Transcribe each line of the records below exactly, excluding any embedded images.
--- START ---
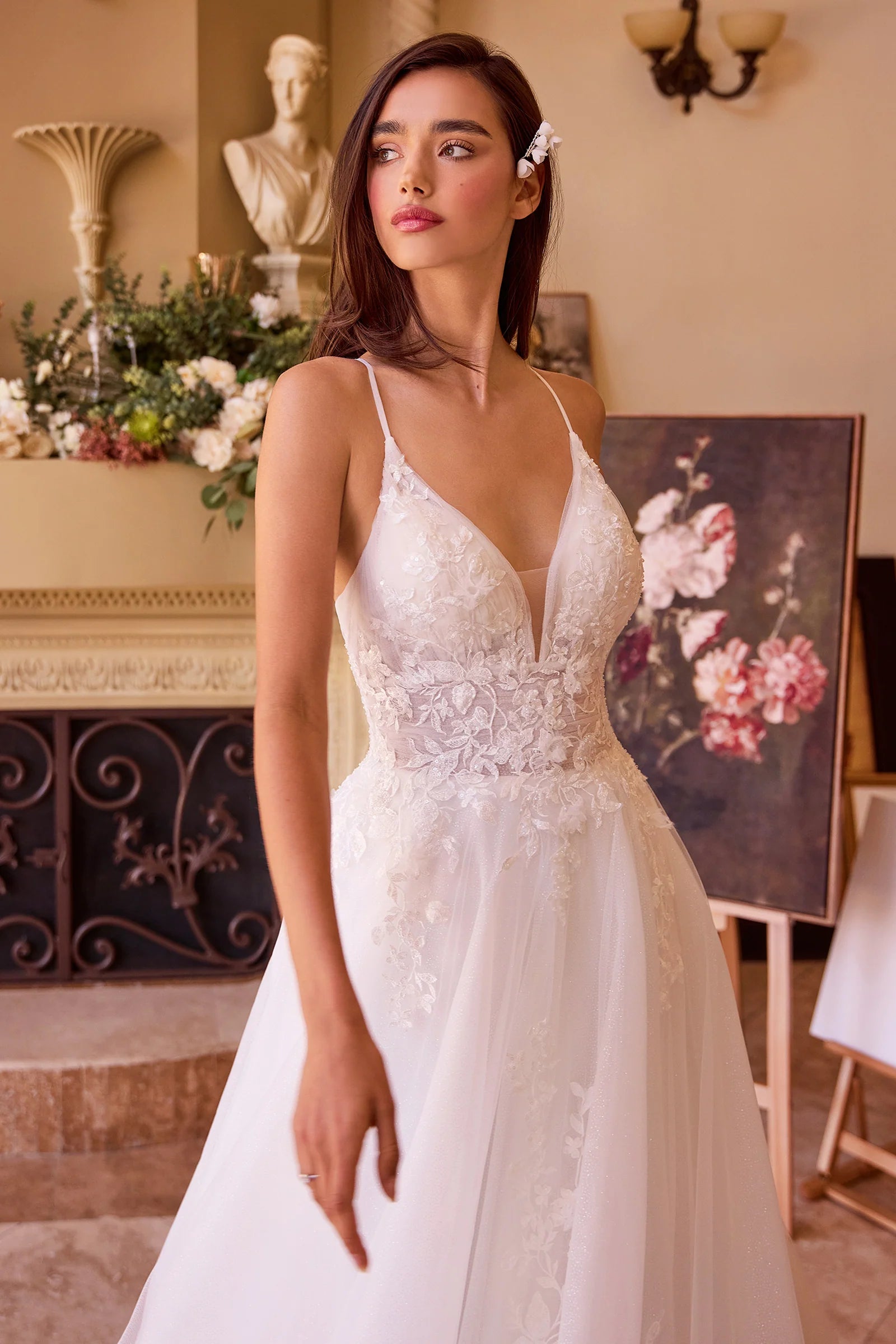 Step into elegance with this stunning A-line bridal gown, featuring a deep V-neckline and delicate thin straps that beautifully accentuate the lace bodice. The fitted waistline highlights your silhouette, leading to a flowing layered tulle skirt that adds a romantic touch. Perfect for weddings, this enchanting dress combines timeless charm with modern sophistication, ensuring you feel like a true bride on your special day.
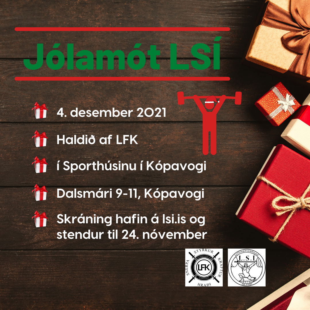Skráningin er hafin á Jólamót LSÍ sem haldið verður af Lyftingafélagi Kópavogs þann 4. desember næstkomandi í Sporthúsinu í Kópavogi. Skráning á mótið stendur til 24. nóvember. Hlökkum til að sjá ykkur í jólafíling á Jólamótinu í ár!
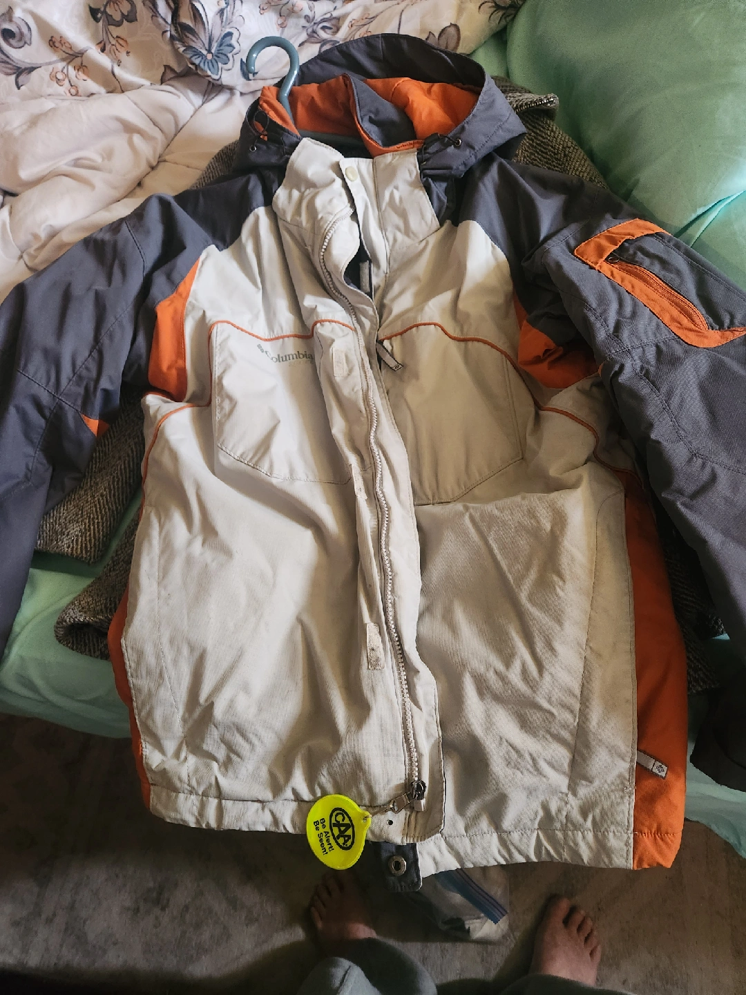 Columbia 3-in-1 jacket in great condition. It's a stylish orange and grey colour. Perfect for layering and staying warm during the colder months!
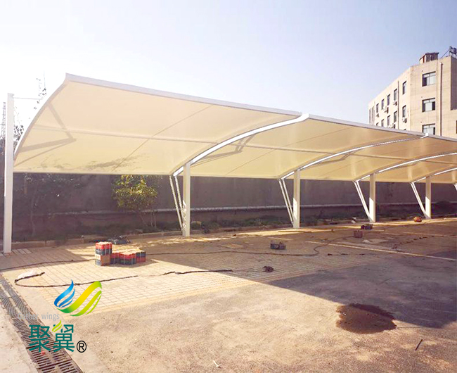 膜結(jié)構(gòu)車棚透光性能好(透光率20%)。在陽(yáng)光下曝曬不會(huì)產(chǎn)生黃變、霧化、透光不佳。重量輕,絕對(duì)保證膜結(jié)構(gòu)車棚棚下人和物的安全,隔音效果佳。在攝氏族-40.C至+120.C溫度范圍內(nèi)不會(huì)引起變形等品質(zhì)劣化。
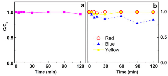 Photodegradation assays of solutions of (a) Rhodamine B (40 mg/L) and (b) industrial reactive dyes (80 mg/L) in the absence of magnetic nanoparticles. Red: C.I. Reactive Red 195; Blue: C.I. Reactive Blue 250; Yellow: C.I. Reactive Yellow 145.
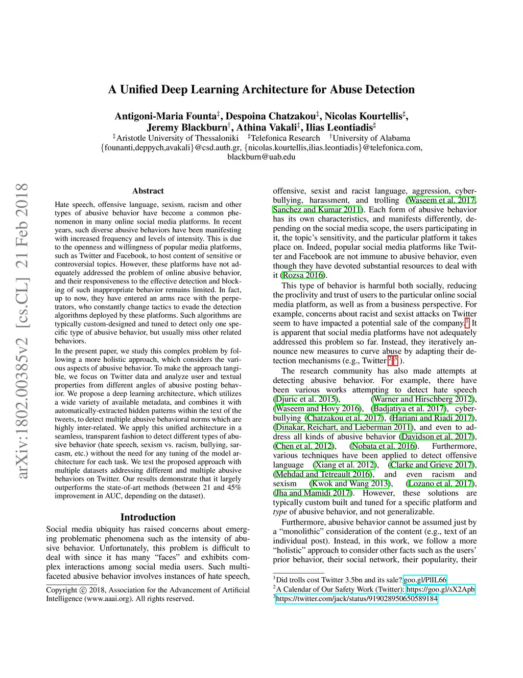 A Unified Deep Learning Architecture for Abuse Detection
--- END ---
> **Response**:
 Step into elegance with this stunning A-line bridal gown, featuring a deep V-neckline and delicate thin straps that beautifully accentuate the lace bodice. The fitted waistline highlights your silhouette, leading to a flowing layered tulle skirt that adds a romantic touch. Perfect for weddings, this enchanting dress combines timeless charm with modern sophistication, ensuring you feel like a true bride on your special day.
Skráningin er hafin á Jólamót LSÍ sem haldið verður af Lyftingafélagi Kópavogs þann 4. desember næstkomandi í Sporthúsinu í Kópavogi. Skráning á mótið stendur til 24. nóvember. Hlökkum til að sjá ykkur í jólafíling á Jólamótinu í ár!
 Columbia 3-in-1 jacket in great condition. It's a stylish orange and grey colour. Perfect for layering and staying warm during the colder months!
 膜結(jié)構(gòu)車棚透光性能好(透光率20%)。在陽(yáng)光下曝曬不會(huì)產(chǎn)生黃變、霧化、透光不佳。重量輕,絕對(duì)保證膜結(jié)構(gòu)車棚棚下人和物的安全,隔音效果佳。在攝氏族-40.C至+120.C溫度范圍內(nèi)不會(huì)引起變形等品質(zhì)劣化。
 Photodegradation assays of solutions of (a) Rhodamine B (40 mg/L) and (b) industrial reactive dyes (80 mg/L) in the absence of magnetic nanoparticles. Red: C.I. Reactive Red 195; Blue: C.I. Reactive Blue 250; Yellow: C.I. Reactive Yellow 145.
 A Unified Deep Learning Architecture for Abuse Detection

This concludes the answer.